Competition authorities globally are taking similar approaches to airline consolidation. The UK Competition and Markets Authority is undertaking a merger review of Boeing’s anticipated acquisition of Spirit AeroSystems Holdings, while the German Bundeskartellamt approved Lufthansa’s acquisition of a 10% minority shareholding in airBaltic. These international precedents suggest that regulatory scrutiny of aviation industry consolidation extends beyond US domestic markets.
“To those dedicated customers of Spirit, this one’s for you,” wrote U.S. District Judge William Young, blocking the JetBlue-Spirit merger in a landmark antitrust ruling.
Industry Consolidation Trends and Future Outlook
The airline industry stands at a critical juncture regarding consolidation, with multiple carriers expressing interest in merger and acquisition opportunities despite regulatory headwinds.
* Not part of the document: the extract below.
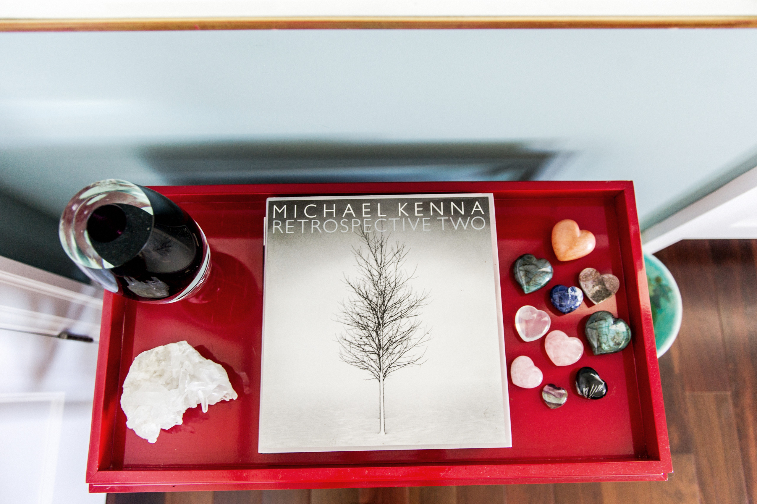 The red tray is from HomeGoods. “I took it to an auto body shop and asked them to spray it in glossy apple red,” Schmidt says. The amethyst vase is from her travels to the Czech Republic. The painting is by Laura Owens.

Frontier Airlines remains particularly bullish on consolidation prospects, having made numerous overtures to purchase Spirit Airlines despite recent rebuffs. Breeze Airways CEO David Neeleman recently observed that there are two potential paths for Frontier and Spirit: either a softening demand environment could force Spirit to “make a deal sooner,” or Frontier may conclude “they don’t have to buy them” if Spirit fails independently.
Sun Country Airlines represents another carrier actively seeking consolidation opportunities, with CFO David Davis stating the company is “pro M&A” and believes “there are combinations that make sense with us as a part of them.” However, Davis noted that “the uniqueness of our model makes it a little more difficult for us,” referencing the airline’s 737-800F cargo aircraft operations for Amazon, which complicate potential integration scenarios. Despite operational complexities, Sun Country is increasing its Amazon freighter operations from 12 to 20 aircraft in 2025, demonstrating the viability of niche operational models.
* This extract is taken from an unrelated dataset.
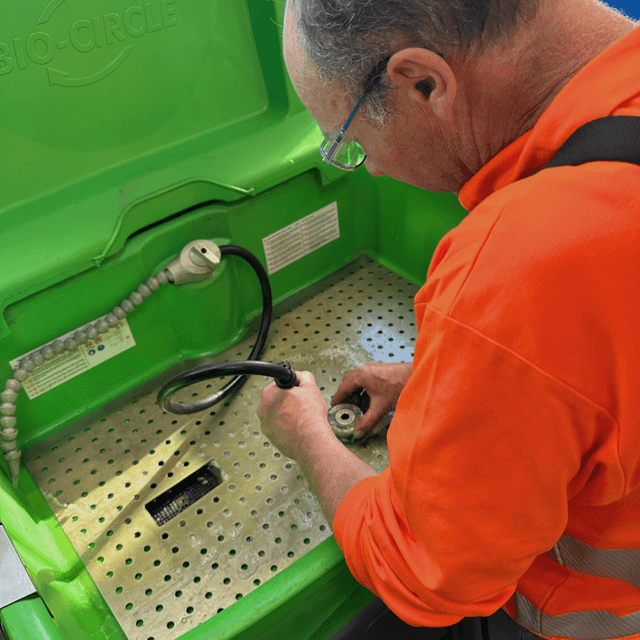 Das Besondere: Mikroorganismen im Reiniger bauen abgetragenes Öl ab. In Kombination mit dem integrierten Kreislauf- und Filtersystem der GT-i Pinselwaschtische entsteht ein geschlossener Reinigungsprozess, der den Reiniger schont und so eine besonders lange Nutzungsdauer ermöglicht.

The consolidation discussion extends to major carriers, with United CEO Scott Kirby offering measured observations about future industry structure. When asked about consolidation necessity at the JP Morgan Industrials conference, Kirby concluded “I don’t know. I think it is less likely than others think,” while noting that JetBlue was the “obvious candidate.” He observed that while JetBlue possesses many core operational competencies expected from airlines, they compete directly with Delta in key markets like New York and Boston, creating challenging competitive dynamics.
Industry analysis suggests that consolidation among smaller airlines could build necessary scale, but determining viable combination candidates remains complex. A review of US domestic departing seats as of early March 2025 shows potential for consolidation at the smaller end of the spectrum, but which specific combinations would prove operationally and financially viable remains unclear. Niche carriers like Sun Country or Allegiant Air would not fit neatly into operations at other airlines due to their specialized business models.
The broader economic environment supports increased merger and acquisition activity across industries. EY, the global accounting and consulting firm, recently forecast a 10% increase in M&A activity across all industries in 2025, predicting a 16% increase in activity by private equity firms and an 8% increase by strategic buyers. In commercial aviation specifically, factors including pent-up demand from reduced activity in recent years, record air travel levels driving airline profits, and supportive policy environments could drive M&A activity beyond the general 10% increase forecast.
The Transportation Security Administration set a new single-day record on December 1, 2024, with 3.1 million US air travelers, a sign of robust demand supporting both organic growth and strategic consolidation opportunities.
Conclusion
United Airlines’ decision to rule out Spirit Airlines asset acquisition reflects a sophisticated strategic approach that prioritizes operational efficiency and organic growth over opportunistic expansion. CEO Scott Kirby’s assessment that integrating Spirit’s assets would cost approximately $15 million per aircraft while providing limited strategic value demonstrates United’s disciplined approach to capital allocation and fleet management. Instead of pursuing costly integration challenges, United has positioned itself to capture market opportunities through targeted route expansion and capacity increases in markets abandoned by Spirit’s retreat.
The situation highlights the broader challenges facing ultra-low-cost carriers in an increasingly complex operating environment. Spirit’s second bankruptcy filing in less than a year, combined with $1.2 billion in losses during 2024, illustrates the difficulty of sustaining pure cost-based business models amid rising operational expenses, regulatory compliance costs, and shifting consumer preferences. The airline’s struggle to adapt to post-pandemic travel patterns, particularly increased demand for premium services and international routes, demonstrates the limitations of traditional low-cost carrier strategies in evolving markets.
The regulatory environment surrounding airline consolidation has become increasingly restrictive, as evidenced by the successful DOJ challenge of the JetBlue-Spirit merger in 2024. This precedent creates uncertainty for future consolidation attempts and may encourage airlines like United to pursue organic growth strategies rather than risk lengthy and uncertain regulatory approval processes. The current antitrust enforcement approach prioritizes maintaining competitive market structures over allowing distressed carrier acquisitions, potentially leaving struggling airlines with fewer strategic options during financial crises.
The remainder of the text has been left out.